Is it a sine qua non that artists smell? Jeanie asked herself, holding her breath against the whiff of stale sweat from his paint-spattered tee shirt. And for the millionth time: What, exactly, does Chanty see in this man? She could see he had once been a ‘pretty boy’: large blue eyes and jet-black curls, and he could certainly be charming when he ch
ose. But she found his expression self-regarding and a little petulant, as if the world had not delivered on its promise. Now he was approaching forty, the looks he must have traded on had not kept up with him, though he still behaved as if they had.
Jeanie forgot her son-in-law as her two-year-old granddaughter came running towards her, a grin a mile wide lighting up her huge brown eyes, her arms outstretched: ‘Gin, Gin . . .’

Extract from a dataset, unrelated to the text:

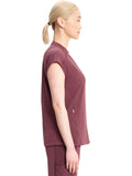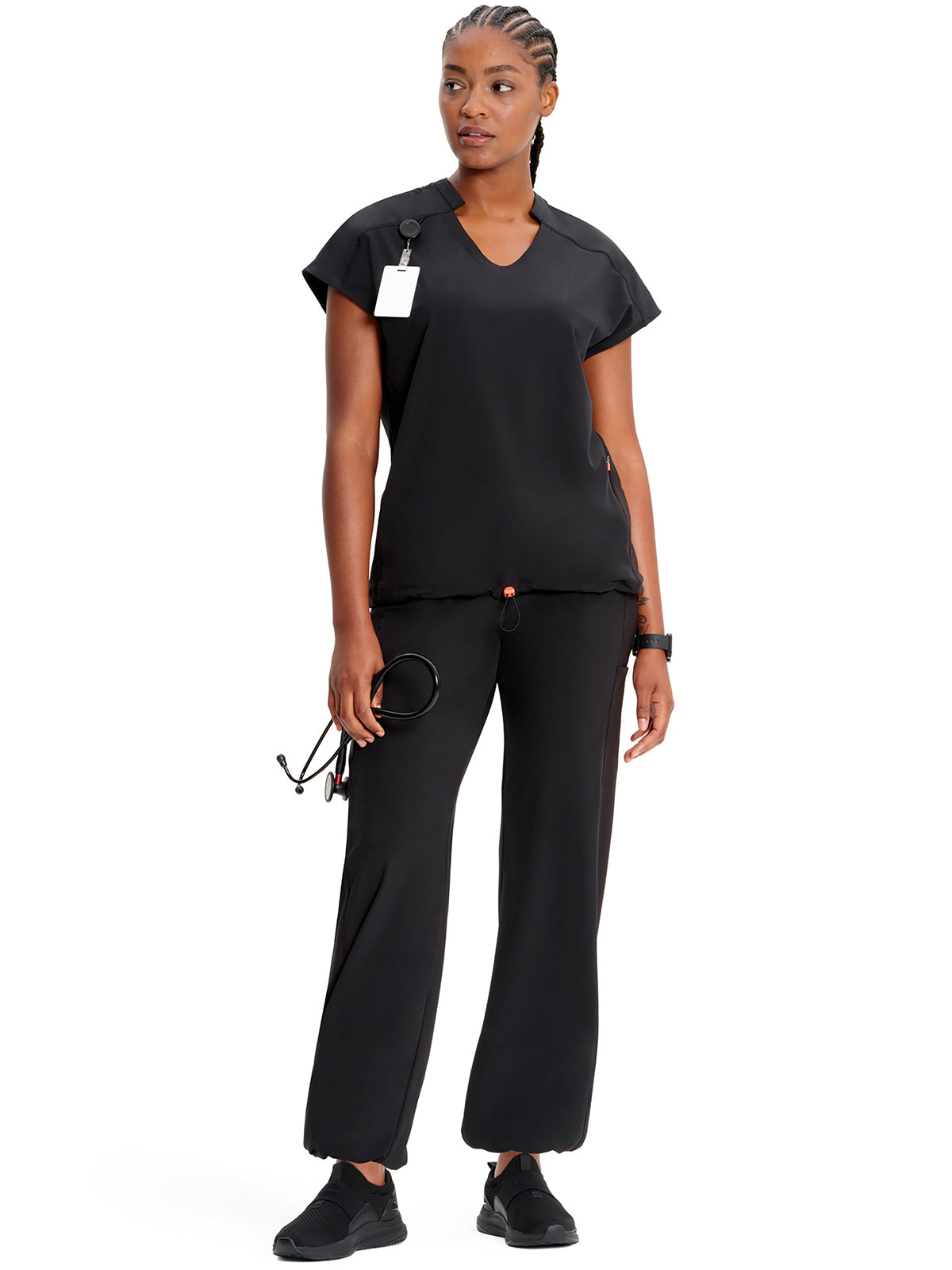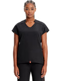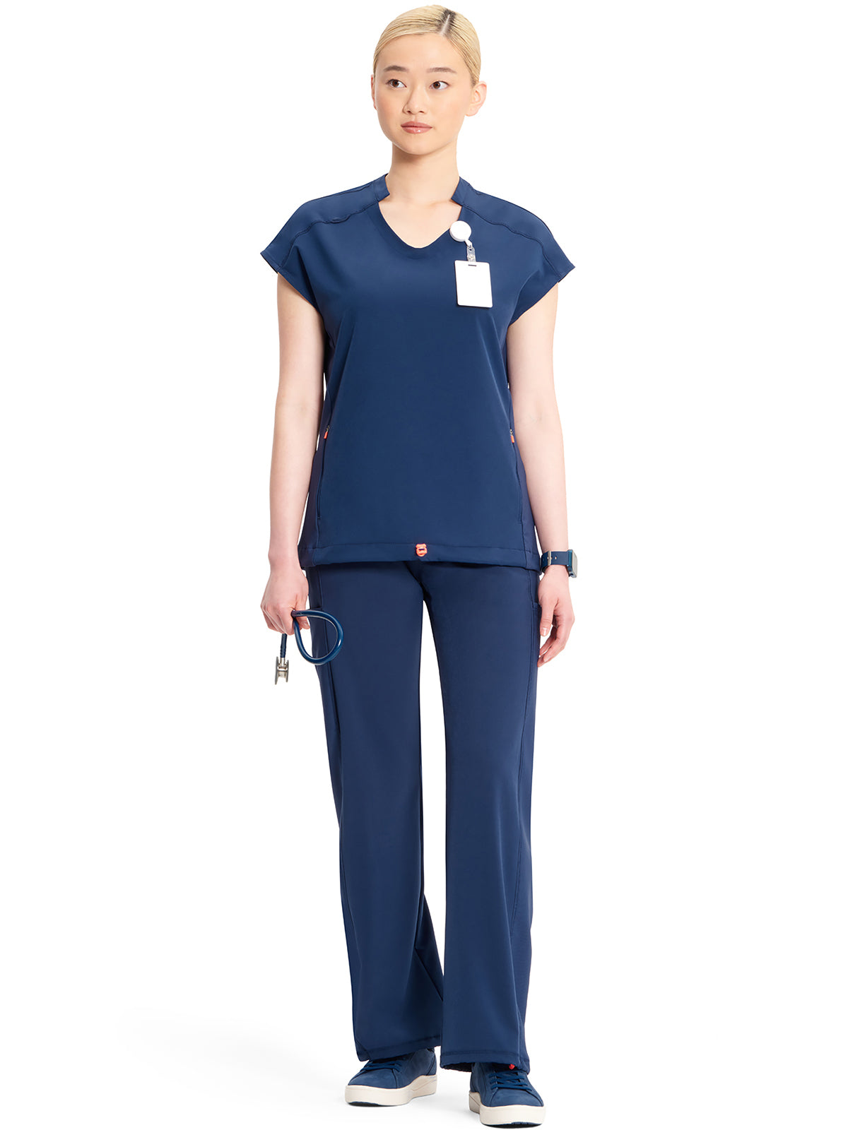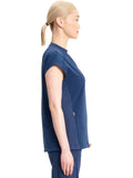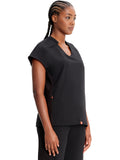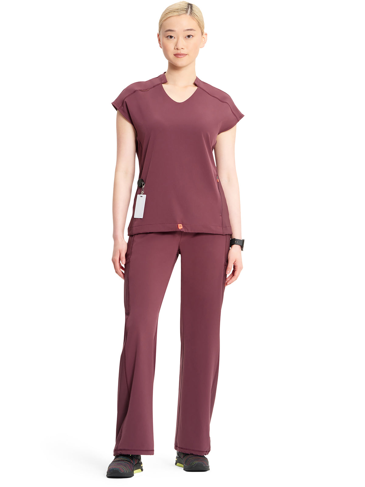 With athletic-inspired fabric, design, and trim, this stylized v-neck scrub top includes dolman sleeves with front seams. There is a bungee ID badge loop on the wearer's right shoulder while two side seam zipper pockets provide secure storage. Tonal rib-knit side panels and center back panel. Pull the bungee cord and secure the contrast colored toggle to create a cinched hem. Contemporary fit. Center back length (size Small): 26"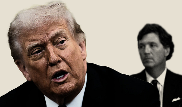 The Iran war has exacerbated tensions between President Trump and Tucker Carlson, writes Eli Lake. (Illustration by The Free Press; images via Getty)

Jeanie bent down and lifted the child in her arms, wrapping her in a close embrace, burying her nose in the pure, sweet softness of Ellie’s skin. ‘How’s it going, Alex?’
Alex shrugged his thin shoulders. ‘Childcare was never going to be my muse of choice.’
Jeanie didn’t rise; she couldn’t afford to, not in front of Ellie. ‘So when’s the exhibition? Isn’t it quite soon?’ she said brightly. She hadn’t meant this as a needle; she was merely making conversation, but his sardonic smile told her that he took it as one.
‘I’ve postponed it.’
Jeanie turned away and began gathering Ellie’s coat and shoes. ‘Oh . . . that’s a shame,’ she said mildly. ‘Come on,’ she addressed Ellie, ‘let’s get your coat on and we’ll go to the park and feed the ducks.’
‘There’s no point in churning stuff out under pressure. It’ll happen when it happens. I need space.’ He stood propped against the mantelpiece in the sitting room, holding forth as if he were entertaining guests at a soirée. The room was sparsely furnished, the stripped floor covered with a pale sisal rug, bare of anything but the large brown leather sofa, a stylish dull-orange Conran armchair with wooden arms, a padded stool and a giant flat-screen television. Jeanie knew this was partly a style decision, the decoration being paintings, colourful and mostly abstract, and a modern rectangular mirror covering the area above the fireplace. They had obviously come to the conclusion that while Ellie was small it was pointless to deploy anything that might be knocked over, damaged or damaging to their child.